Webb’s debate team has lived up to these expectations. A handful of student leaders started the team last year, and they have led us to remarkable success. Dakota Santana-Grace ’11 is our President – an enthusiastic leader who dominates a room during policy debates and organizes clever lessons to teach the basics of argumentation. Our second-in-command is Elena Scott-Kakures ‘11, whose command of the facts and quieter brand of leadership serves as a guide for the less experienced debaters. Together, they organized, taught, and led a team that hosted its first-ever debate tournament two weeks ago – and brought home the top award in every category.
Of course, plenty of individuals have helped guide and coach these student leaders. Notably, Mr. Lee Harris is the team’s coach, and several faculty members have offered insight and guidance. All of the guidance, though, came at the request of the team’s student leaders. Dakota and Elena sought out Mr. Harris and asked me to serve as faculty advisor. Dakota and Elena asked for advice from Mr. Stockdale and Mr. Bartlett when they needed it. We work for them.
Working in the Office of Admission, I know that parents and students who are new to Webb sometimes scoff at the level of responsibility in the hands of students. “The students teach?” they ask, incredulous. “Yes,” I respond. “They also manage student check-ins, hear disciplinary cases, and sit on some of the school’s most important planning bodies.” The bewildered looks on their faces tell a familiar tale: Webb’s emphasis on true student leadership is singular and exceptional.
Thompson Webb established a school that would educate its students to be honorable leaders in their communities. They were to be principes, non homines: leaders, not ordinary men. To prepare for that role, our students must practice. And so, you’ll find Webb students taking the reins in every arena.
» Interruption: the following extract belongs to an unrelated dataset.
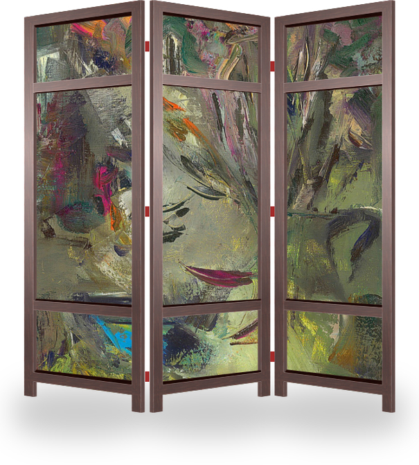 Описание ширмы натюрморт с голубой чашкой- абстрактное полотно под впечатлением реалистического натюрморта

In class, ninth grade students teach their peers the complexities of geometry. On the athletic fields, team captains teach skills and model honorable behavior in competition. During meeting blocks, student groups – clubs, class officers, the honor committees, and more – bustle with activity, almost always organized and led by students.
As we sift through hundreds of applications every year, the members of the Admission Committee pay attention to those traits that will allow a new student to carry on and to expand this tradition of student leadership. Is the student willing to be an active, engaged member of the Webb community? Does she have the potential and the desire to find her passion and pursue it with honor? Four years down the road, with the guidance we provide, will he be a leader, or an ordinary man?
For students already here, we know the answers. They think deeply and differently. They demonstrate the kind of initiative and responsibility one struggles to find in most adults. They push their peers and themselves to branch out, to try new activities, and to achieve at an ever higher level. I have been lucky enough to witness this first-hand with the debate team, but it is not an isolated phenomenon. You will not find many ordinary young men and women at Webb.